▶ _Exercise brief_: All that is wanted is the lines from the first line of the listing below through the line containing "4 juillet. |", written out exactly with pictures left out.

#####

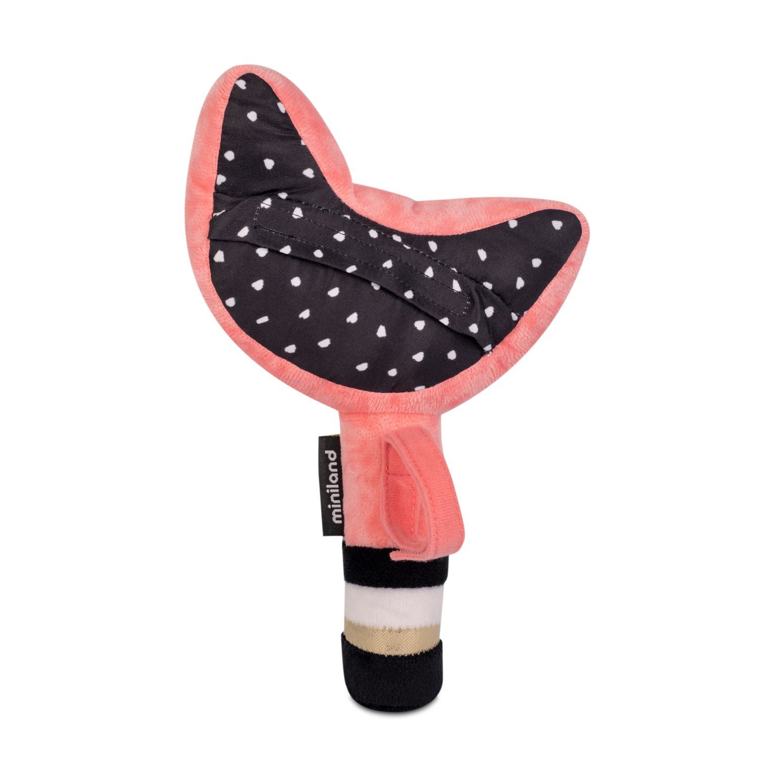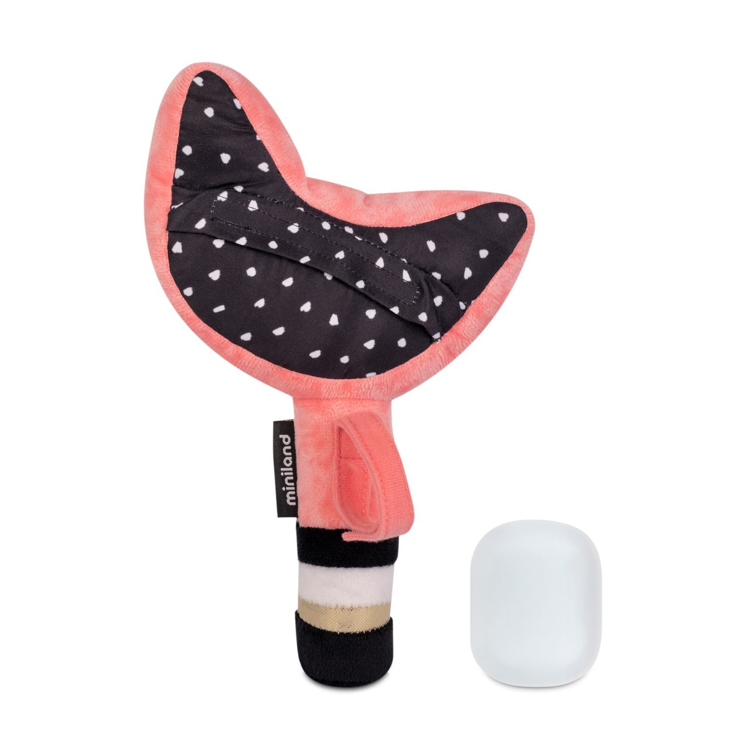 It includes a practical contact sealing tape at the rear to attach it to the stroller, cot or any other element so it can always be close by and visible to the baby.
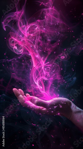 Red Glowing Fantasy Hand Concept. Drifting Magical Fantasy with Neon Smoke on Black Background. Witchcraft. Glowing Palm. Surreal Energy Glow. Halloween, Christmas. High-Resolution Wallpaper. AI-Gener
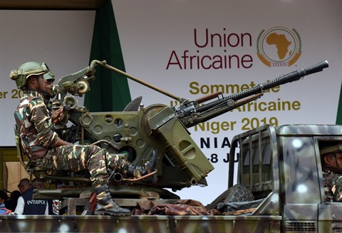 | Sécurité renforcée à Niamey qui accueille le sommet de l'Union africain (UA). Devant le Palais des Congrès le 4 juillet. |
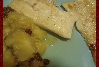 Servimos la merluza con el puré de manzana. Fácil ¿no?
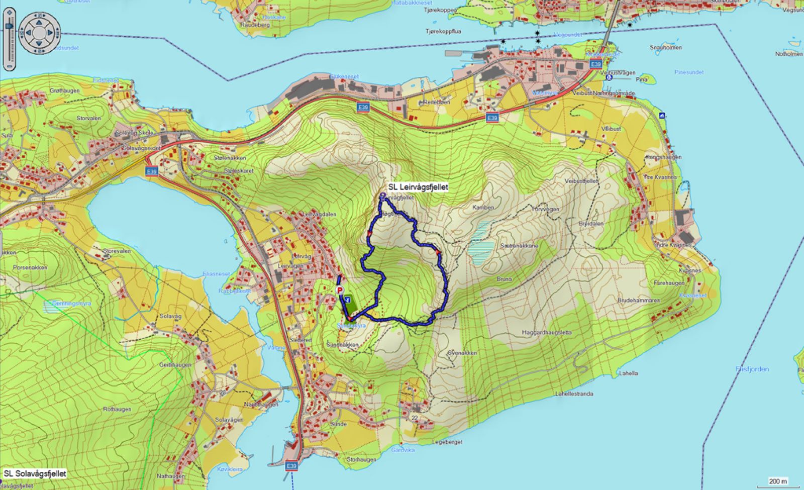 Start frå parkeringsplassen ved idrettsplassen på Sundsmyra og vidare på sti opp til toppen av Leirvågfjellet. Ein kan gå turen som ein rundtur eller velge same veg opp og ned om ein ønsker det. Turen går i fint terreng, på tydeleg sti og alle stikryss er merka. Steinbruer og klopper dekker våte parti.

#####

▶ _Task response_:
 It includes a practical contact sealing tape at the rear to attach it to the stroller, cot or any other element so it can always be close by and visible to the baby.
 Red Glowing Fantasy Hand Concept. Drifting Magical Fantasy with Neon Smoke on Black Background. Witchcraft. Glowing Palm. Surreal Energy Glow. Halloween, Christmas. High-Resolution Wallpaper. AI-Gener
 | Sécurité renforcée à Niamey qui accueille le sommet de l'Union africain (UA). Devant le Palais des Congrès le 4 juillet. |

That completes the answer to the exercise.